▸ **WHAT IS REQUIRED**:
Please transcribe the data below exactly. Leave the pictures out.

▸ **INFORMATION SHOWN**:
——————————

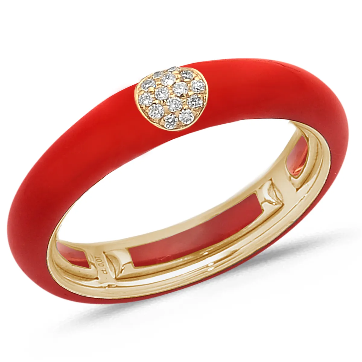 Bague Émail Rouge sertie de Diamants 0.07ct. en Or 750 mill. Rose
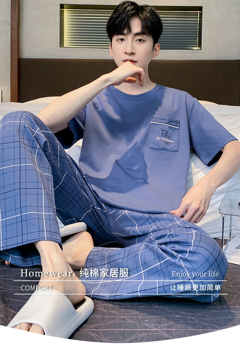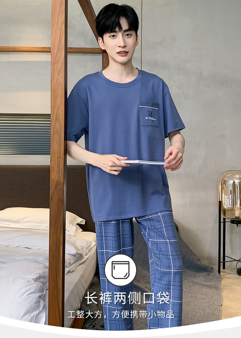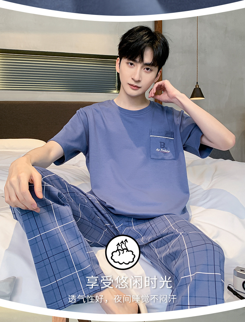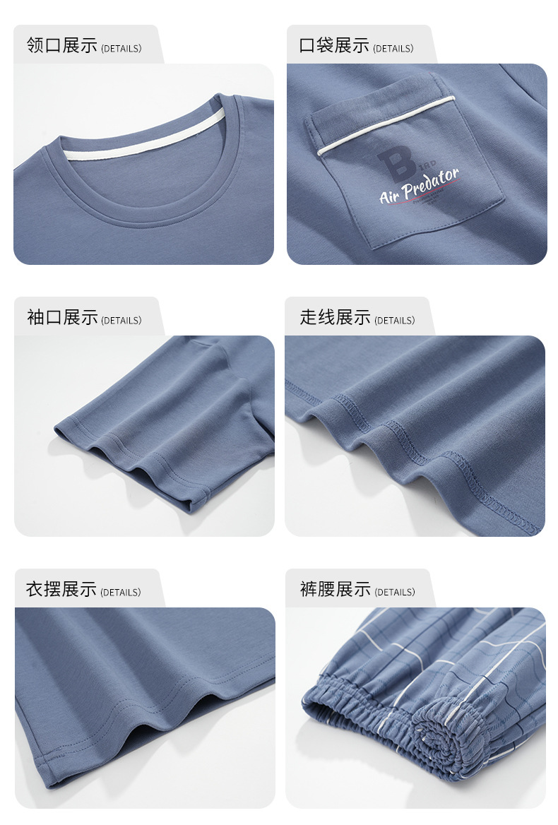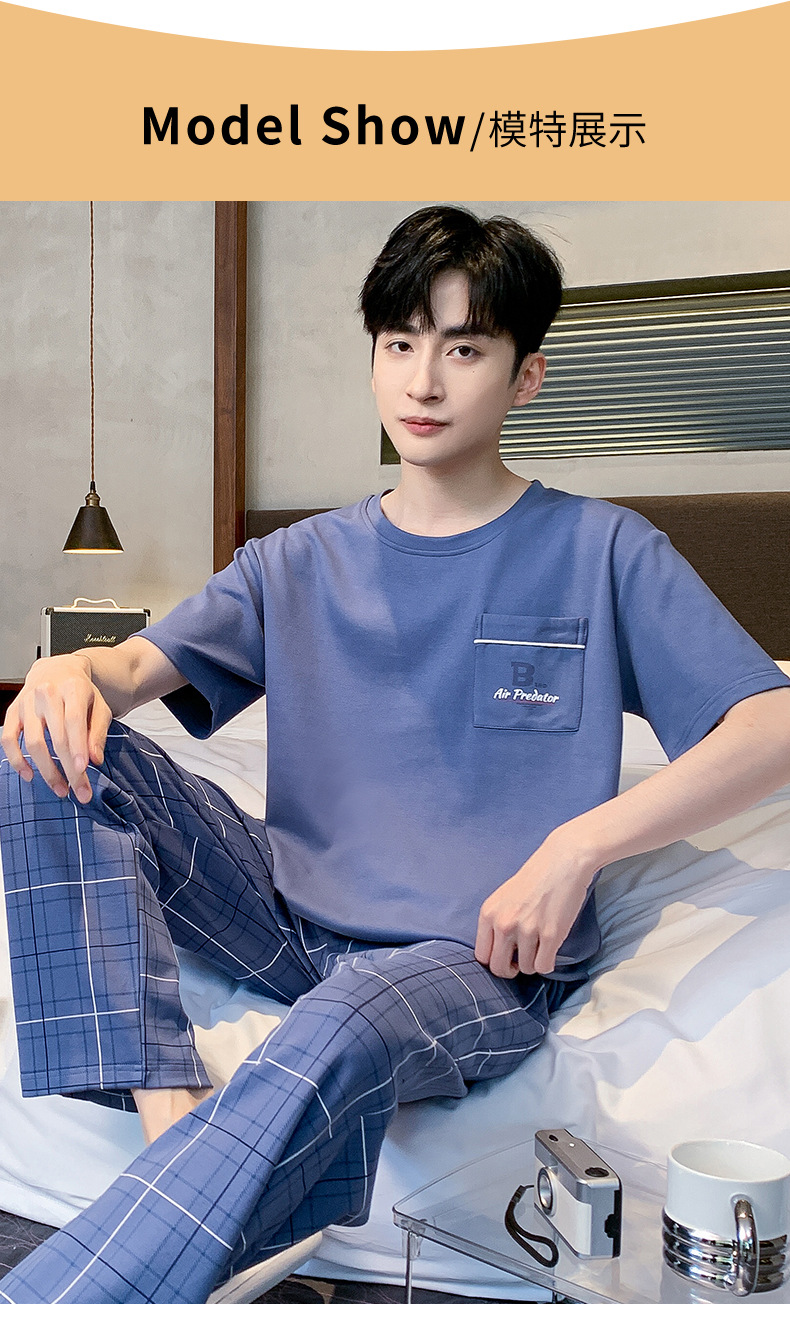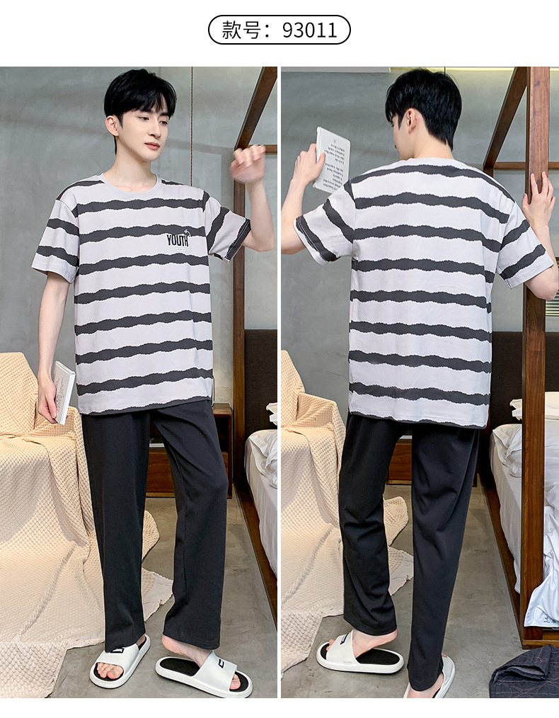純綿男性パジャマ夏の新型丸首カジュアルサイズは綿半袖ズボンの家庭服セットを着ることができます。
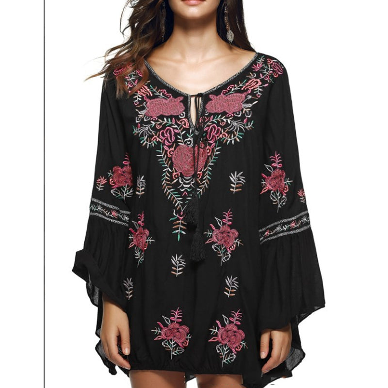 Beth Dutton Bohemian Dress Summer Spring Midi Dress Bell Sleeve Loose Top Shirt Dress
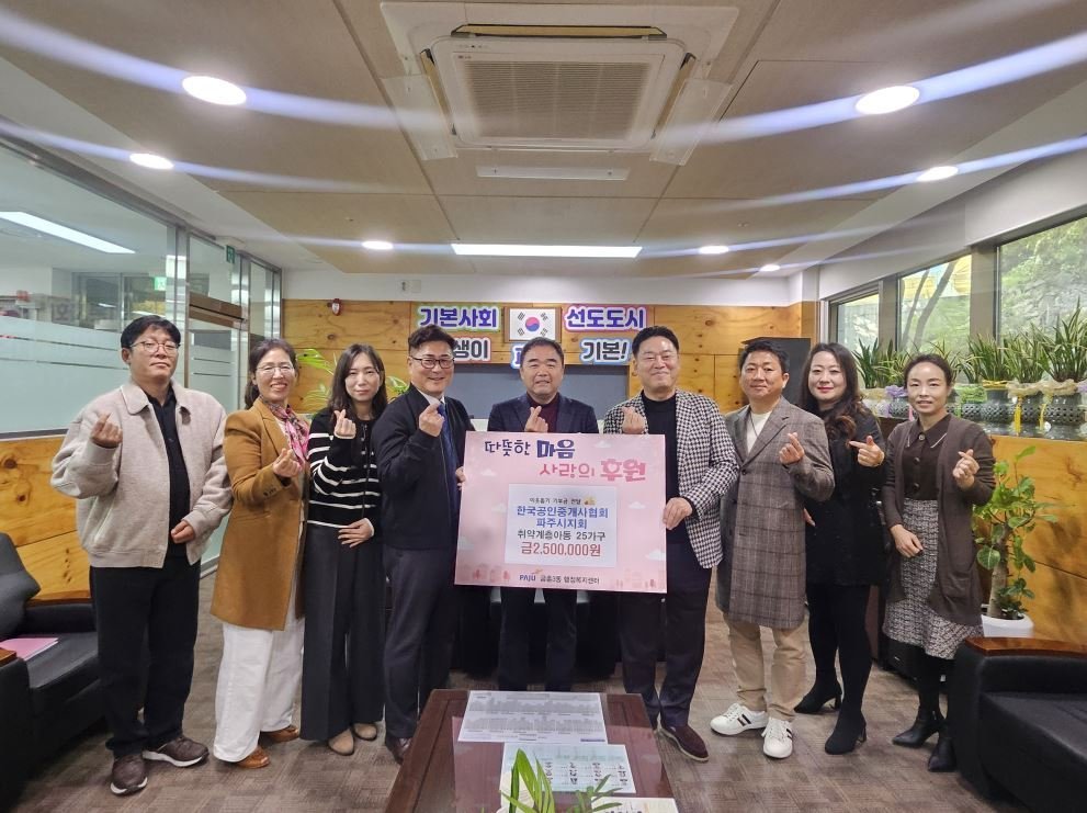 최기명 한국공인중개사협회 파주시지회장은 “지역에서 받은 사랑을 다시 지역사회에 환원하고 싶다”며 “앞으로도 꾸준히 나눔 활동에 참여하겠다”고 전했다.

——————————

▸ **EXERCISE RESPONSE**:
 Bague Émail Rouge sertie de Diamants 0.07ct. en Or 750 mill. Rose
純綿男性パジャマ夏の新型丸首カジュアルサイズは綿半袖ズボンの家庭服セットを着ることができます。
 Beth Dutton Bohemian Dress Summer Spring Midi Dress Bell Sleeve Loose Top Shirt Dress
 최기명 한국공인중개사협회 파주시지회장은 “지역에서 받은 사랑을 다시 지역사회에 환원하고 싶다”며 “앞으로도 꾸준히 나눔 활동에 참여하겠다”고 전했다.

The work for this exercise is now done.